Russia blames Georgia on South Ossetia
MOSCOW, Nov 14 (Reuters) - Russia's foreign minister today blamed Georgia for stoking the crisis around its breakaway region of South Ossetia by failing to hold ''a normal dialogue'' and harbouring plans to use force against it.
Earlier, the Russian Foreign Ministry, setting itself at odds with the West, voiced backing for an independence referendum in the territory which the European Union has refused to recognise.
''When the centre, the Georgian leadership, does not want to conduct a normal dialogue with a part of its society, this finds expression in some of the society's moods, and specifically in the referendum,'' RIA news agency quoted Sergei Lavrov as saying.

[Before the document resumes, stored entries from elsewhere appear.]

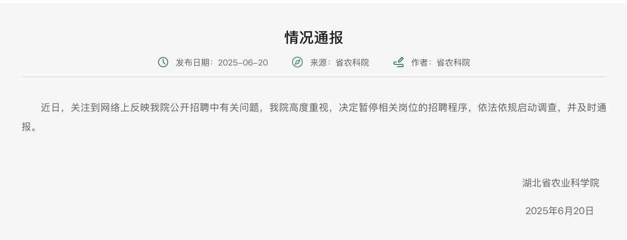 6月20日,湖北省农业科学院发布情况通报称,近日,关注到网络上反映我院公开招聘中有关问题,湖北省农业科学院高度重视,决定暂停相关岗位的招聘程序,依法依规启动调查,并及时通报。
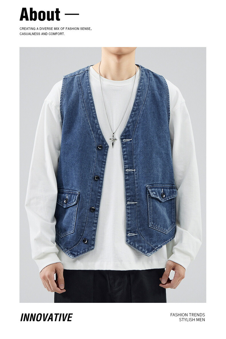 【送料無料】メンズ ベスト デニム ノースリーブ ゆったり 春 夏 カジュアルベスト メンズ アウター ゴルフ アメカジ 重ね着 男性 通勤 通学 かっこいい 旅行 彼氏 ブルー M L XL 2XL
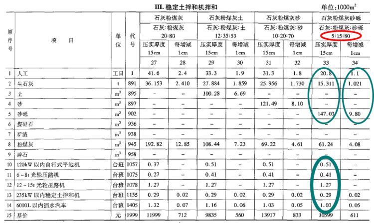 2、场内运输及操作损耗:材料消耗定额中考虑,其定额值“场内运输及操作损耗”是以百分率形式在《预算定额》附录四中体现。材料消耗定额:在节约和合理使用材料的条件下,生产单位合格产品所必须消耗的一定品种规格的材料、半成品、配件、水、电、燃料等数量标准,包括材料的净用量和必要的工艺性损耗及废料数量。计量单位以材料的实物量单位表示,如t、kg、m3。材料消耗定额=(1+材料场内运输及操作损耗率)*完成单位产品的材料净消耗32.5级水泥=0.406*(1+1%)*10=4.101t
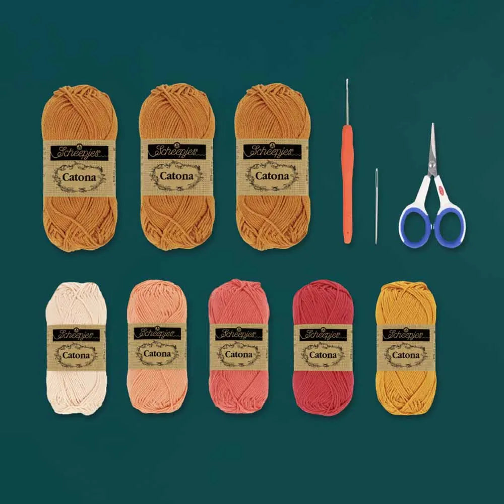 The entire bag is crocheted with Scheepjes Catona, a 100% mercerized cotton yarn with a beautiful shine and fingering yarn thickness.
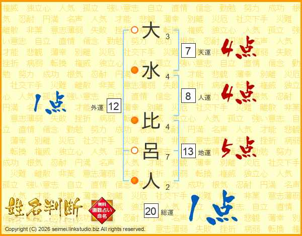 大(3画)水(4画) 比(4画)呂(7画)人(2画)
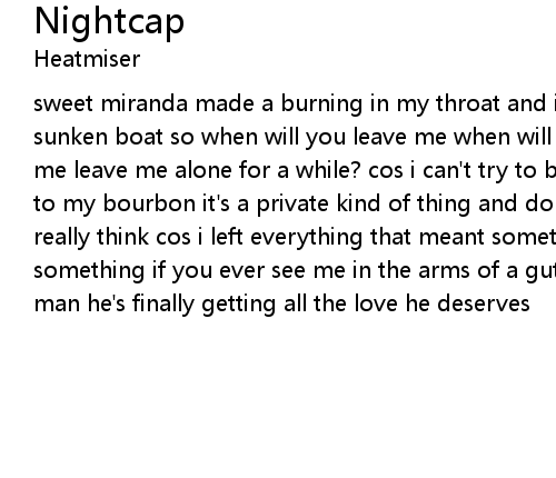sweet miranda made a burning in my throat and i'm slumped in the bathtub like a sunken boat so when will you leave me when will you leave me when will you leave me leave me alone for a while? cos i can't try to be happy without you leave me to my bourbon it's a private kind of thing and don't bother to tell me what you really think cos i left everything that meant something so i could become something if you ever see me in the arms of a gutter out in the 'burbs just say man he's finally getting all the love he deserves |
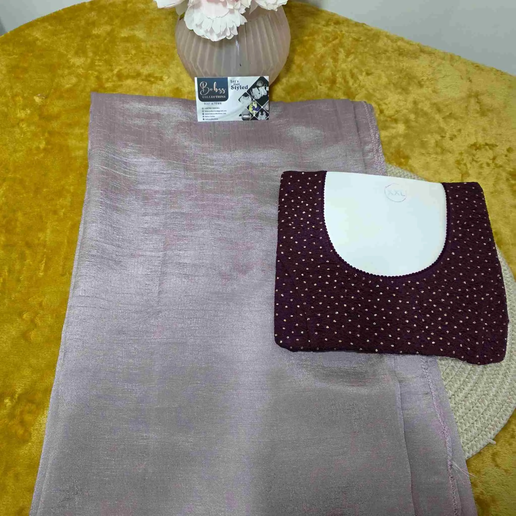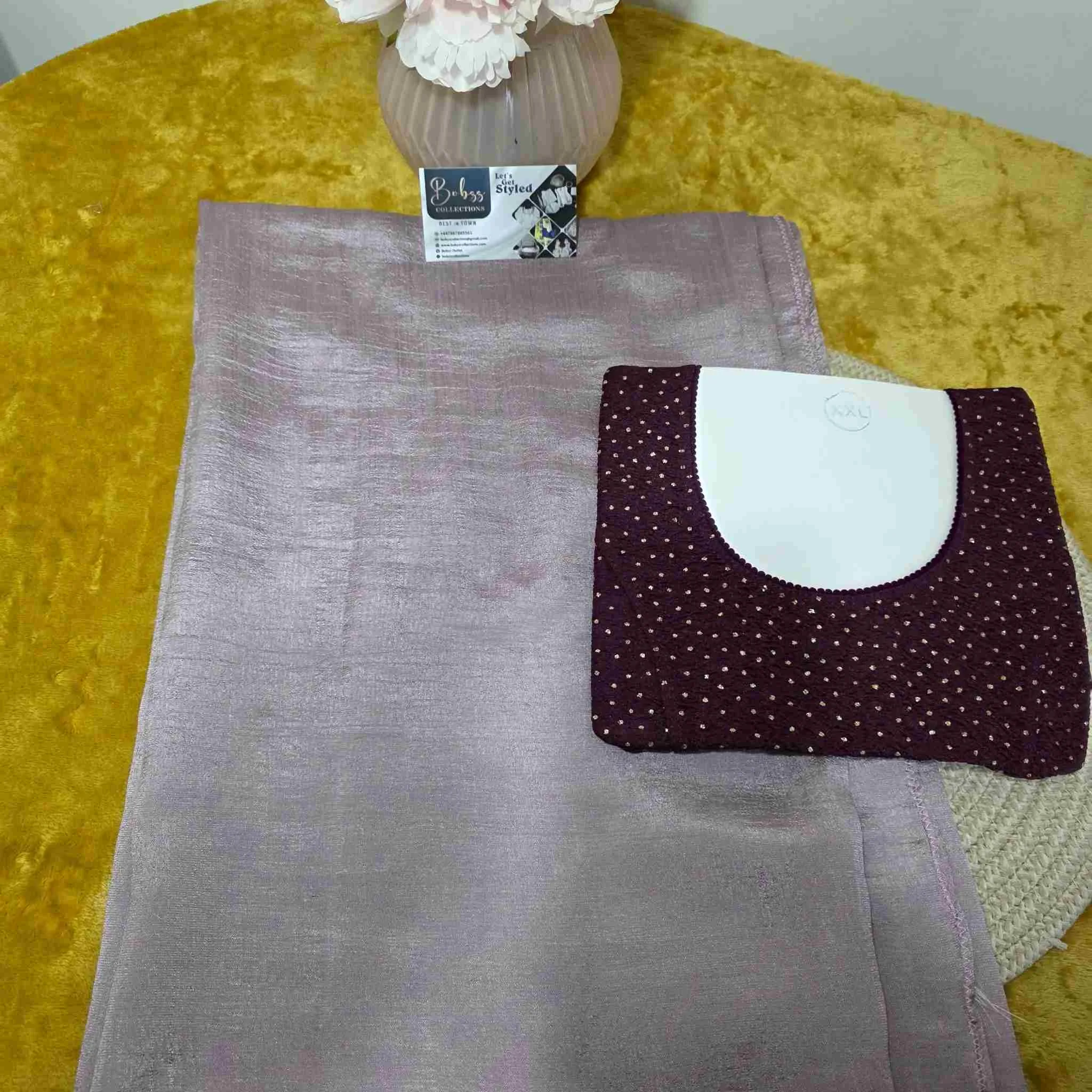 Modern elegance and comfort combined. This Deep Plum/Mauve Saree contrasts beautifully with the bold Maroon Polka Dot Blouse. The blouse is stretchable and fitted, offering a perfect ready-to-wear look for any event.

Georgia should work to find a political solution to the problem and abandon its ''apparent plans to develop a possible solution by force'', Lavrov said.
South Ossetia, a sliver of land in the Caucasus mountains that broke with Georgia in the early 1990s after a violent conflict, voted overwhelmingly in the referendum in favour of separation from Tbilisi.
The region has no international recognition but is propped up by Moscow, and many of its people say they would like to be absorbed into the Russian Federation.
The EU's Finnish presidency said yesterday it did not recognise the vote, which ''did not contribute to efforts for peaceful conflict resolution'', and it voiced full support for Georgia's sovereignty within existing borders.
Georgian Prime Minister Zurab Nogaideli has said the referendum is part of a Russian campaign to stoke a war.
The Kremlin says it is Tbilisi, whose relations with Moscow are at rock-bottom, which is dragging the conflict towards bloodshed by building up its military on the separatists' borders.